# If i scored 2w1 can i possibly be 4w5?



## Mendi the ISFJ (Jul 28, 2011)

A online friend suggested that i was a 4 and i dont know much about enneagram yet but i think its odd that one _could _ score incorrectly. I did read about type 4 and find that i do relate somewhat more to 4w5 than 4w3. Does anyone care to give me their opinion?


----------



## jbking (Jun 4, 2010)

http://personalitycafe.com/type-4-forum-individualist/8101-type-four-misidentifications.html has lots of notes on how a 4 could be misidentified with other types while http://personalitycafe.com/type-2-forum-helper/8098-type-two-misidentifications.html would be the same for type 2.

The key is that a test may have bad results as people could lie or not interpret the question in the desired way. If you have yet to see a test provide a false result you should be thankful to have not seen this reality.


----------



## Paradigm (Feb 16, 2010)

...Why is it odd that you scored incorrectly? 

You're probably a 2w1 rather than a 4w5. When healthy, 2s adopt healthy 4 traits. Everyone feels some sort of "oddness" in them and 4s don't have the monopoly on emotions or art. You didn't say what you related to, so could you go into more detail?


----------



## Mendi the ISFJ (Jul 28, 2011)

jbking said:


> http://personalitycafe.com/type-4-forum-individualist/8101-type-four-misidentifications.html has lots of notes on how a 4 could be misidentified with other types while http://personalitycafe.com/type-2-forum-helper/8098-type-two-misidentifications.html would be the same for type 2.
> 
> The key is that a test may have bad results as people could lie or not interpret the question in the desired way. If you have yet to see a test provide a false result you should be thankful to have not seen this reality.


i have tested MBTI 3 times and always got ISFJ


----------



## Mendi the ISFJ (Jul 28, 2011)

Paradigm said:


> ...Why is it odd that you scored incorrectly?
> 
> You're probably a 2w1 rather than a 4w5. When healthy, 2s adopt healthy 4 traits. Everyone feels some sort of "oddness" in them and 4s don't have the monopoly on emotions or art. You didn't say what you related to, so could you go into more detail?


i guess the detachment, the drive to be creative, search for identity etc but mostly because a friend who was very good at typing via MBTI suggested that i might be based on our long conversations. maybe it would be helpful if someone could tell me the main differences between the two.


----------



## Paradigm (Feb 16, 2010)

Mendi the ISFJ said:


> i have tested MBTI 3 times and always got ISFJ


Can you please explain to me why you feel this way? I find this the most confusing aspect of Si and would really appreciate an explanation of why (maybe how?) it is Si-users function on the basis of "if it happened before, it must happen again." This is especially confusing, to me, when a similar concept is used for a different use. (In this case, claiming MBTI accuracy is the same as Enneagram accuracy.)

Apologies if the above comes off as offensive; I'm asking out of a desire to understand better and curiosity.



Mendi the ISFJ said:


> i guess the detachment, the drive to be creative, search for identity etc but mostly because a friend who was very good at typing via MBTI suggested that i might be based on our long conversations. maybe it would be helpful if someone could tell me the main differences between the two.

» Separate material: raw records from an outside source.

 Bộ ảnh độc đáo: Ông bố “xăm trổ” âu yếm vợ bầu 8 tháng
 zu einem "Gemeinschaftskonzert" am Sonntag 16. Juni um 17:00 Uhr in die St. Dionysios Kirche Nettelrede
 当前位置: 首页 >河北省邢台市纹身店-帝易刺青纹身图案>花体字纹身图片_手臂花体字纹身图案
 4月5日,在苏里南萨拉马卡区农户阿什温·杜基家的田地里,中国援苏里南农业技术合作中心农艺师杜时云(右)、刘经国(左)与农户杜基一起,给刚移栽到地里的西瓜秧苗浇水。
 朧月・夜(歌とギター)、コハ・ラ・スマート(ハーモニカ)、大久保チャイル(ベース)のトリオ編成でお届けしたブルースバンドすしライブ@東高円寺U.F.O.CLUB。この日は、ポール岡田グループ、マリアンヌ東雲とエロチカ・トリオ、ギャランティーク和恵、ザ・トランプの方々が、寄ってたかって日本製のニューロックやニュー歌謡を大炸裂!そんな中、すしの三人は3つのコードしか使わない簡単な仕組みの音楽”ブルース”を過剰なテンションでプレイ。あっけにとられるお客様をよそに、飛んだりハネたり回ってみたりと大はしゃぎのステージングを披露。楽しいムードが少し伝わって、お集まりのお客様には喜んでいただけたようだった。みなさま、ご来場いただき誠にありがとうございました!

Twos are more reliant on people. That doesn't mean they need people to function, but that they need people to feel better about themselves. Fours almost deny their need for society. An introverted 2 is, in comparison, more outgoing than an introverted 4.

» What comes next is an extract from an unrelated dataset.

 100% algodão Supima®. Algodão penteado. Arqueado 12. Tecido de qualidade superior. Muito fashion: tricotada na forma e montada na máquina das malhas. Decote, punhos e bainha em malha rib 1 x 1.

Both feel inherently shameful in their psyche, but Twos deal with it by being helpful whereas Fours deal with it by being different. So, because Twos need to be helpful, they gain some awareness about what people need (sometimes, what they think people need); Fours have an awareness about what _they_ need and what _they_ feel themselves. Fours are far more self-centered.

I'm not good at Heart-triad types, though :blushed:


----------



## Mendi the ISFJ (Jul 28, 2011)

Paradigm said:


> Can you please explain to me why you feel this way? I find this the most confusing aspect of Si and would really appreciate an explanation of why (maybe how?) it is Si-users function on the basis of "if it happened before, it must happen again." This is especially confusing, to me, when a similar concept is used for a different use. (In this case, claiming MBTI accuracy is the same as Enneagram accuracy.)
> 
> Apologies if the above comes off as offensive; I'm asking out of a desire to understand better and curiosity.

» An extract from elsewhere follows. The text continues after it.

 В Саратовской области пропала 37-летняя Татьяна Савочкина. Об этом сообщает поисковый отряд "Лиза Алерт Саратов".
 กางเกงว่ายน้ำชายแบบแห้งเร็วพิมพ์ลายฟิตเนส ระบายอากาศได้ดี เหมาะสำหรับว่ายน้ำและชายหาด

well i guess its comparing any new thing with what is ordinary or has been the norm. Because i think that MBTI and Enneagram are related in that they are both typing personality and should therefore coincide somehow, because i determined that MBTI found me the same (as in IM not making the mistakes taking the test) 3 separate times, I must indeed be that type. What are the odds? If there are 16 different types. Being that this site appears to take the enneagram as reliably as they do MBTI, i just assumed that i would get the same assurance from the enneagram test. My friend could be wrong though, i may be 2w1, im just not sure thats why im asking you people who have way more experience in this than I.


----------



## jbking (Jun 4, 2010)

Mendi the ISFJ said:


> i guess the detachment, the drive to be creative, search for identity etc but mostly because a friend who was very good at typing via MBTI suggested that i might be based on our long conversations. maybe it would be helpful if someone could tell me the main differences between the two.


Between MBTI and Enneagram or between types 2 and 4? I see multiple interpretations for what the two is at the end of the last sentence.


----------



## Mendi the ISFJ (Jul 28, 2011)

jbking said:


> Between MBTI and Enneagram or between types 2 and 4? I see multiple interpretations for what the two is at the end of the last sentence.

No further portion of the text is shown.